Metallacycle Ru1100 was then prepared via the [2 + 2] coordination-driven self-assembly of ligand 1 with the Ru(II) complex 2 by simply stirring a 1 : 1 mixture in MeOH at room temperature for 24 h (Scheme 1). Characterization was effected by means of ¹H NMR and ¹⁹F NMR spectroscopy, electrospray ionization time-of-flight mass spectrometry (ESI-TOF-MS), and 2D-rotating frame Överhauser effect spectroscopy (ROESY). The metal-centred interactions between ligand 1 and the Ru(II) complex 2 were analysed using ¹H NMR spectroscopy. As shown in Fig. 1A and S6,† the peak corresponding to the pyridyl proton H_1a of Ru1100 was shifted upfield compared to that of the free ligand 1 (i.e., from 8.65 to 8.20 ppm). The protons of the p-cymene moiety were also shifter upfield (Δδ[H_3b] = 0.19 ppm; Δδ[H_3c] = 0.12 ppm) compared with those of the free Ru(II) complex 2. The changes in the ¹H NMR chemical shifts are attributed to the loss of electron density after coordination of the ligand nitrogen atoms to the electron deficient Ru(II) centre. The ¹⁹F NMR spectrum of Ru1100 was characterized by a sharp singlet at −79.21 ppm, reflecting the presence of free triflate counter anions (Fig. S7†). Additionally, strong cross peaks between the pyridyl proton of ligand 1 with protons H_3b and H_3c from the p-cymene moiety of Ru1100 were observed in the 2D ¹H–¹H ROESY spectrum (Fig. S8†).

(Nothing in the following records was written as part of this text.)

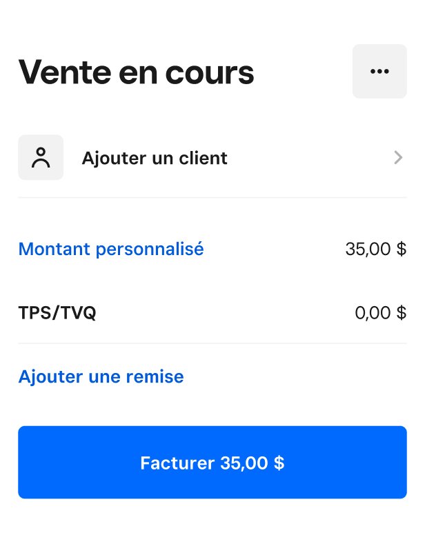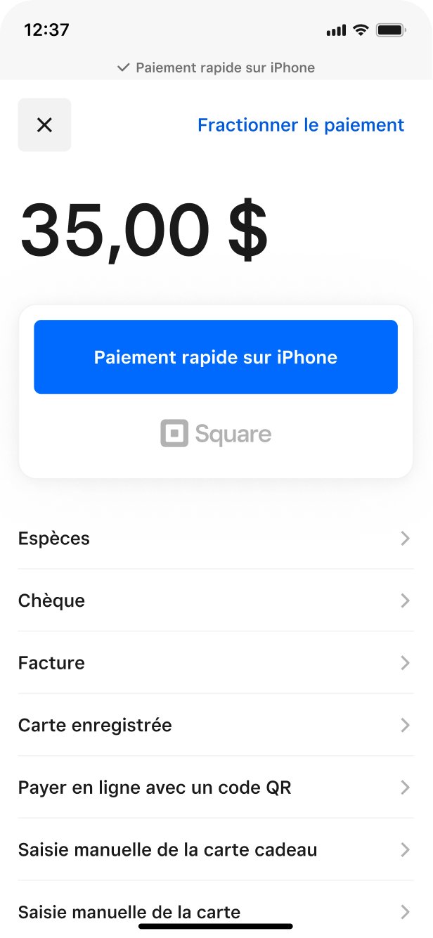 Au Canada, Paiement rapide sur iPhone est compatible avec les cartes de crédit et de débit sans contact, comme Visa, Mastercard, American Express, Discover et Interac, ainsi qu’avec Apple Pay, Google Pay et d’autres portefeuilles numériques. Si le client ne dispose pas d’un mode de paiement sans contact, vous pouvez aussi accepter des paiements par saisie manuelle de carte, par code QR ou par lien de paiement dans l’application Solution PDV Square.
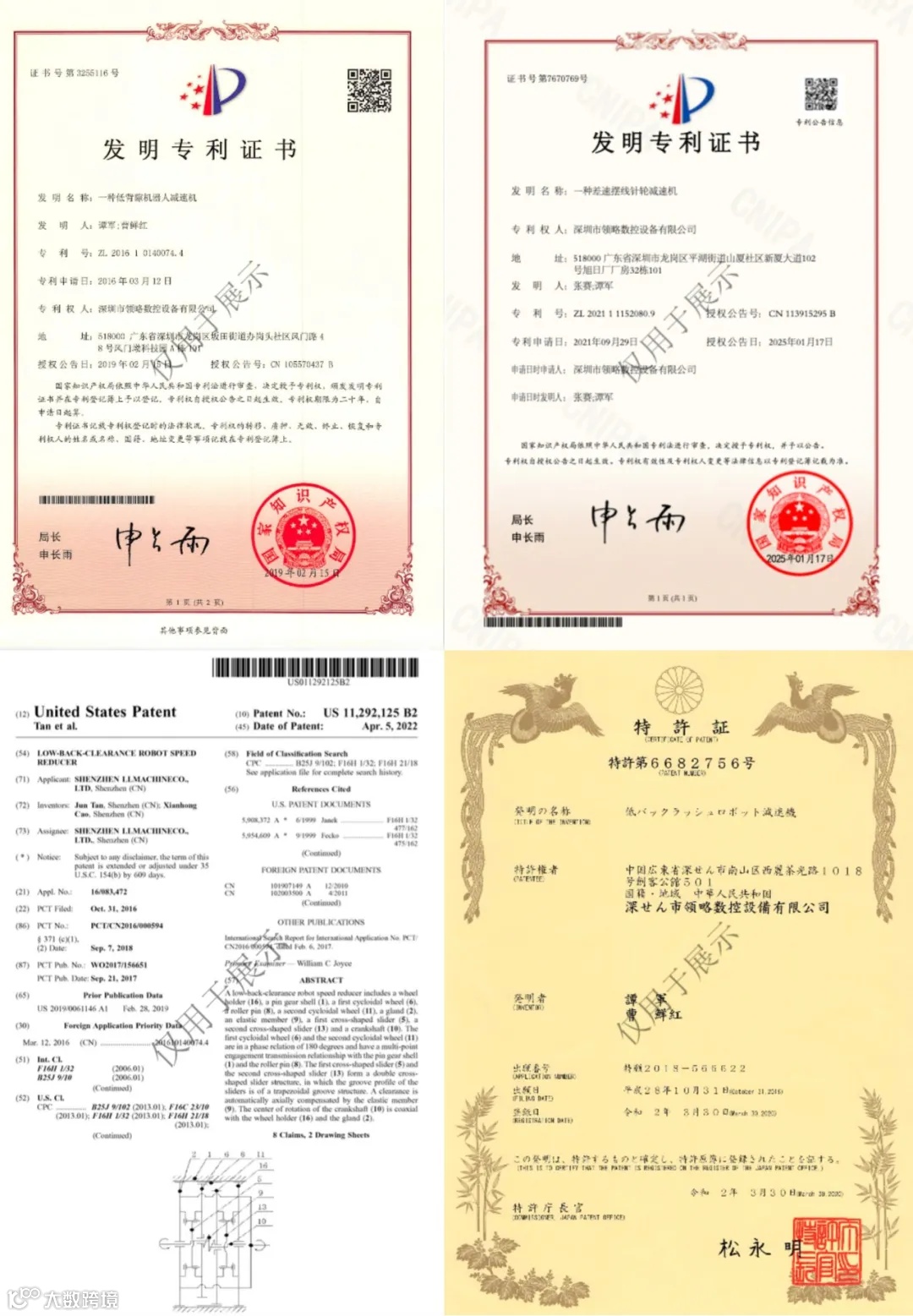 2016年起,领益智造自研的CSV减速器(摆线针轮减速器)相继获得国家发明专利《一种低背隙机器人减速机》《一种摆线针轮谐波传动装置》、美国发明专利《LOW-BACK-CLEARANCE ROBOT SPEED REDUCER》、日本发明专利《低バックラッシュロポット減速機》,并将自研减速器应用到自研机器人,打造公司独特技术护城河。
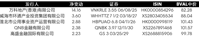 过去两周在彭博FIT平台交易的中资美元债中,债券成交额最大的前五大债券的发行人为Muthoot金融有限公司(MUTHIN 7 ⅛ 02/14/28 Corp为7.12亿美元,SK海力士株式会社(HYUELE 2 ⅜ 01/19/31 Corp为7.04亿美元),西太平洋银行公司(WSTP Float 04/16/26 Corp为6.38亿美元, WSTP 5.05 04/16/29 Corp为5.87亿美元),BOC AVIATION USA CORP(BOCAVI 5 ¼ 01/14/30 Corp为5.6亿美元)。
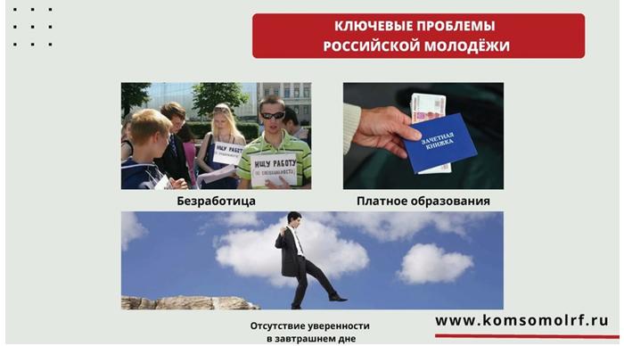 Результатом бедственного положения, в котором находится российская молодёжь, становится её отчуждение от государства – молодые люди всё реже отождествляют свои интересы с интересами страны. И винить в сложившейся ситуации, кроме буржуазной власти, некого: вот уже на протяжении почти 30 лет государство готово предложить молодым людям лишь ценности потребительства и индивидуализма. Капиталистическая информационная машина неустанно формирует у молодёжи мечты не о творчестве и созидании, а о лёгком и быстром заработке, прославляет статусное потребление. В результате теряется дух товарищества и коллективизма, и вместо Зои Космодемьянской и Александра Матросова примерами для молодых людей становятся «инстансамки» и «моргенштерны». Увы – подобная картина является закономерным результатом информационной и идеологической войны, цель которой – уничтожить главную угрозу существованию капиталистической системы - коммунистическую идею.
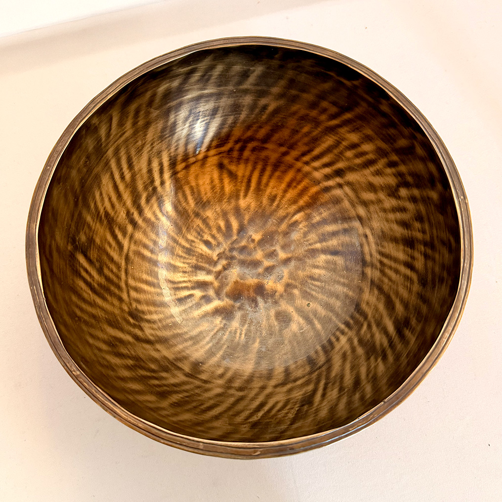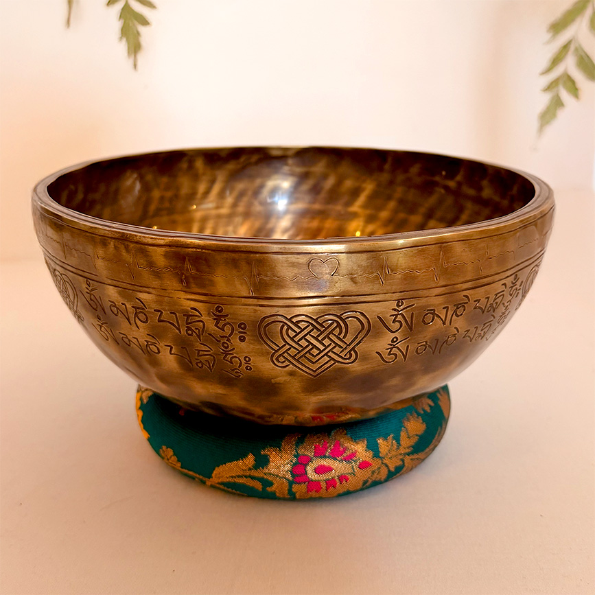 This handcrafted singing bowl features a beautiful hand-etched heart motif combined with a rippled interior finish, creating both visual and sonic elegance. The rippled texture enhances the bowl’s resonance, producing rich, layered tones that are soothing, immersive, and full of harmonic depth.
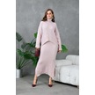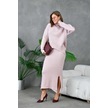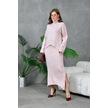 Kadın Balıkçı Yaka Oversize Kazak Uzun Etek İkili Triko Takım Pudra
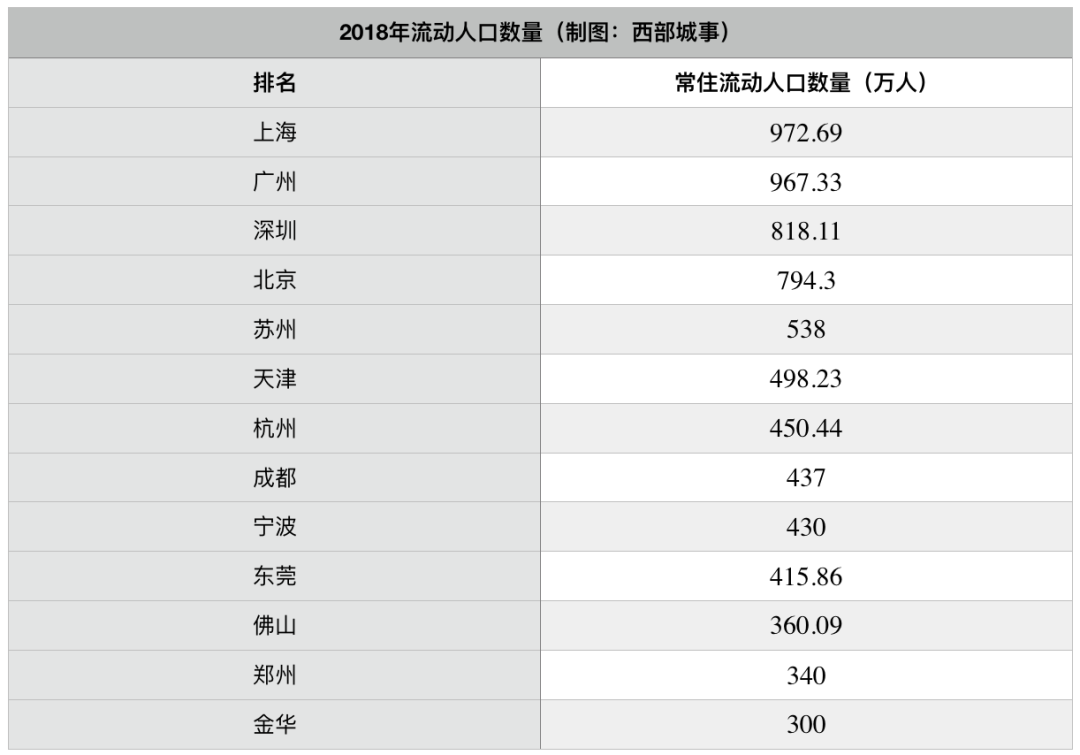 而上海、廣州、深圳、北京、蘇州、天津、杭州、成都、寧波、東莞的常住流動人口均超過400萬,這與空城指數對應的城市基本吻合。

Fig. 1 (A) Partial ¹H NMR (400 MHz, 298 K) spectra of the Ru(II) complex 2 (top), Ru1100 (middle) and ligand 1 (bottom). (B) Experimental (red) and calculated (blue) ESI-TOF-MS spectra for Ru1100 (left: [Ru1100 – 4OTf]⁴⁺; right: [Ru1100 – 3OTf]³⁺).

ESI-TOF-MS analyses proved consistent with the formation of a rectangular metallacycle (i.e., Ru1100). Specifically, two main peaks readily assigned to the expected [2 + 2] assembly and corresponding to the loss of OTf⁻ counterions (i.e., m/z = 856.23 for [Ru1100–4OTf]⁴⁺ and m/z = 1191.63 for [Ru1100–3OTf]³⁺, respectively) were observed in the ESI-TOF-MS (Fig. 1B and S9†). All the peaks were resolved isotopically and matched well with their calculated theoretical distributions.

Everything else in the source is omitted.